Records supplied –
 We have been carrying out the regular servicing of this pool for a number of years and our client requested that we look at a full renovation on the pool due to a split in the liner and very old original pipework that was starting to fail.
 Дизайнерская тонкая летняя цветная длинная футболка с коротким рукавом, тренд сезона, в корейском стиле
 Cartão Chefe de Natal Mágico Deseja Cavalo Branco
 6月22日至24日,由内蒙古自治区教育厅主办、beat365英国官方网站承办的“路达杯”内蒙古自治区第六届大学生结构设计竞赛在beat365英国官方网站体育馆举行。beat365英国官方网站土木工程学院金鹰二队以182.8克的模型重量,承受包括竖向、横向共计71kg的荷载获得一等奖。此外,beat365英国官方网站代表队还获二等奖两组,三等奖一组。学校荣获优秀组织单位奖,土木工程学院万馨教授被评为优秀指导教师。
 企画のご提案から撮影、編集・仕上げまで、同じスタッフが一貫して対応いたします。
==
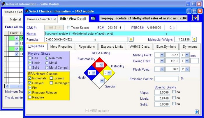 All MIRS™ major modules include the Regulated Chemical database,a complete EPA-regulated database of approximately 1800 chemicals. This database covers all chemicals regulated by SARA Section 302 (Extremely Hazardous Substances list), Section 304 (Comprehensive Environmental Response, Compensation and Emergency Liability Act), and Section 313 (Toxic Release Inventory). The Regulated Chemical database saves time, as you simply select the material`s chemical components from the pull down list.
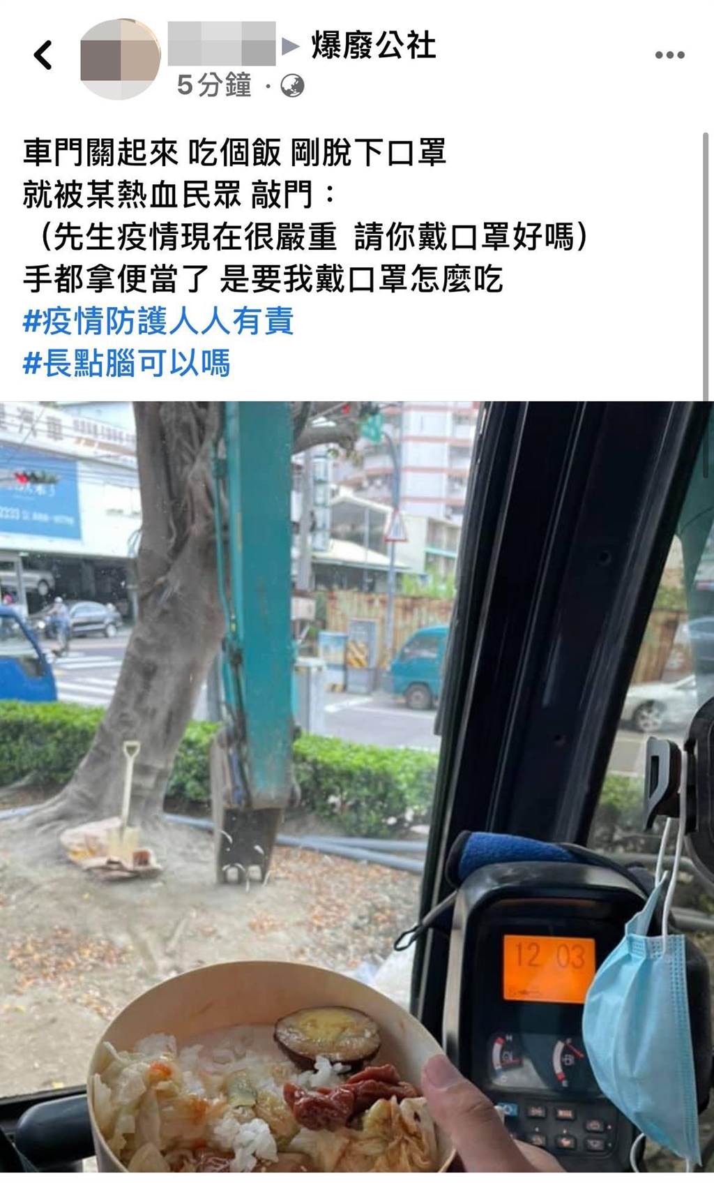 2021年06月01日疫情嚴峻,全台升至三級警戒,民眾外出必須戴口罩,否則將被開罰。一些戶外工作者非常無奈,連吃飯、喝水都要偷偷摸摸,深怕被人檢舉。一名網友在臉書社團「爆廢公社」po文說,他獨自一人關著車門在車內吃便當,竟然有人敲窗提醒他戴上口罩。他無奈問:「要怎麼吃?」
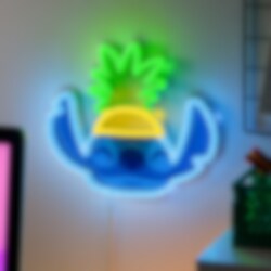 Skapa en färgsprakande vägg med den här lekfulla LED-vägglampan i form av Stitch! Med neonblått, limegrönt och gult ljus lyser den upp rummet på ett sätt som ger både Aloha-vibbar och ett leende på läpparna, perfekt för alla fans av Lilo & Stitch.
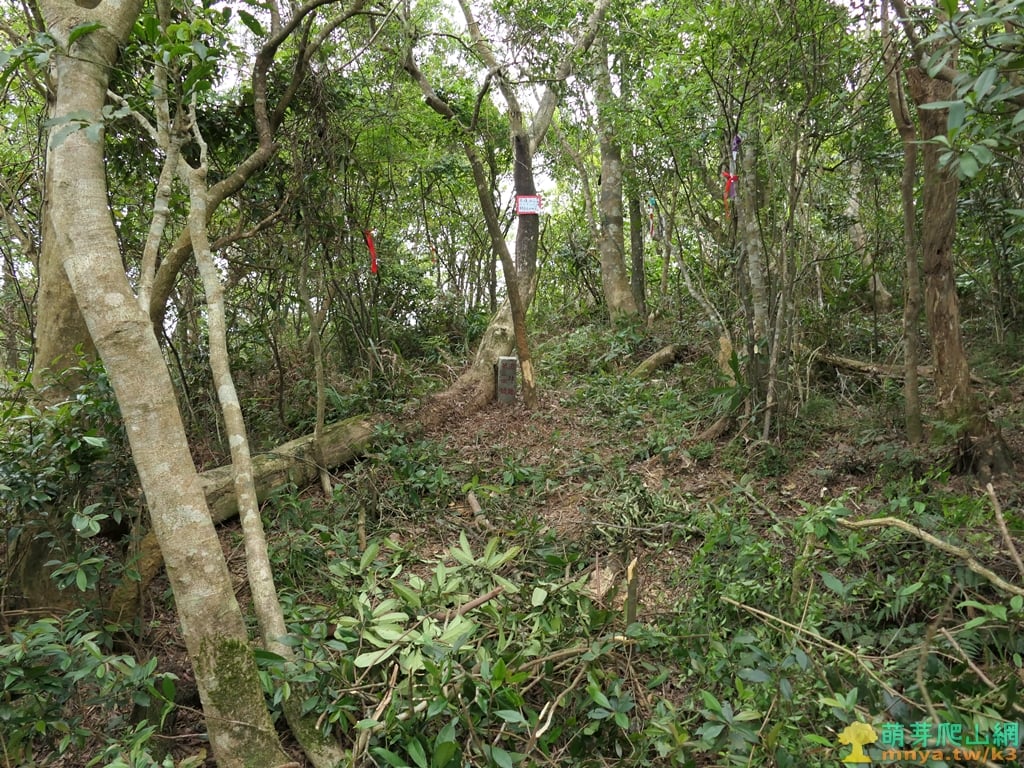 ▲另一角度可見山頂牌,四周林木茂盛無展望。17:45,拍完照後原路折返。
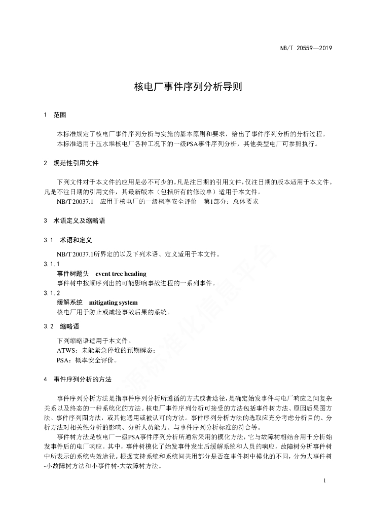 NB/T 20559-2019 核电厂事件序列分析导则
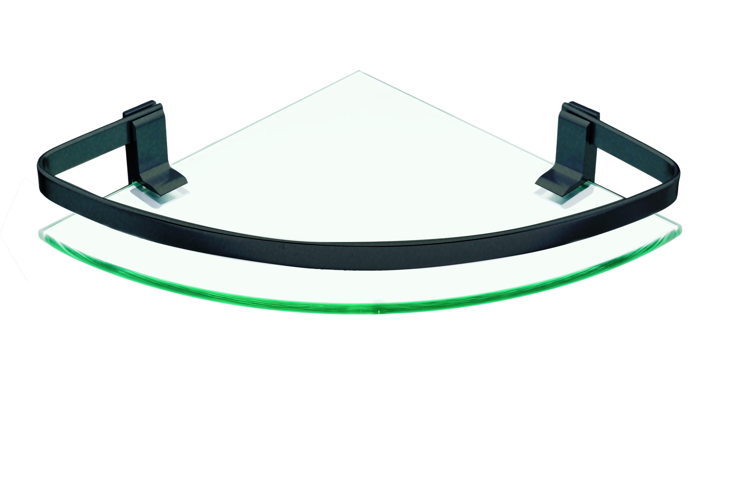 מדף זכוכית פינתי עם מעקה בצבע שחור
==
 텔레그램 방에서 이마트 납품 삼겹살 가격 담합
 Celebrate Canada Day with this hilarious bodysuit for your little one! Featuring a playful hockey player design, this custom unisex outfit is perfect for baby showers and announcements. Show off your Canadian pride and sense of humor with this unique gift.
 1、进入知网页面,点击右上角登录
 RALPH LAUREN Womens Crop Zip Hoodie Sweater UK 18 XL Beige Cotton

Task –
What is needed is a verbatim copy of every line in the records above from the one containing "Дизайнерская тонкая летняя" down to the one containing "企画のご提案から撮影、編集・仕上げまで、同じスタッフが一貫して対応いたします。", both included, and nothing more.

Problem solution –
 Дизайнерская тонкая летняя цветная длинная футболка с коротким рукавом, тренд сезона, в корейском стиле
 Cartão Chefe de Natal Mágico Deseja Cavalo Branco
 6月22日至24日,由内蒙古自治区教育厅主办、beat365英国官方网站承办的“路达杯”内蒙古自治区第六届大学生结构设计竞赛在beat365英国官方网站体育馆举行。beat365英国官方网站土木工程学院金鹰二队以182.8克的模型重量,承受包括竖向、横向共计71kg的荷载获得一等奖。此外,beat365英国官方网站代表队还获二等奖两组,三等奖一组。学校荣获优秀组织单位奖,土木工程学院万馨教授被评为优秀指导教师。
 企画のご提案から撮影、編集・仕上げまで、同じスタッフが一貫して対応いたします。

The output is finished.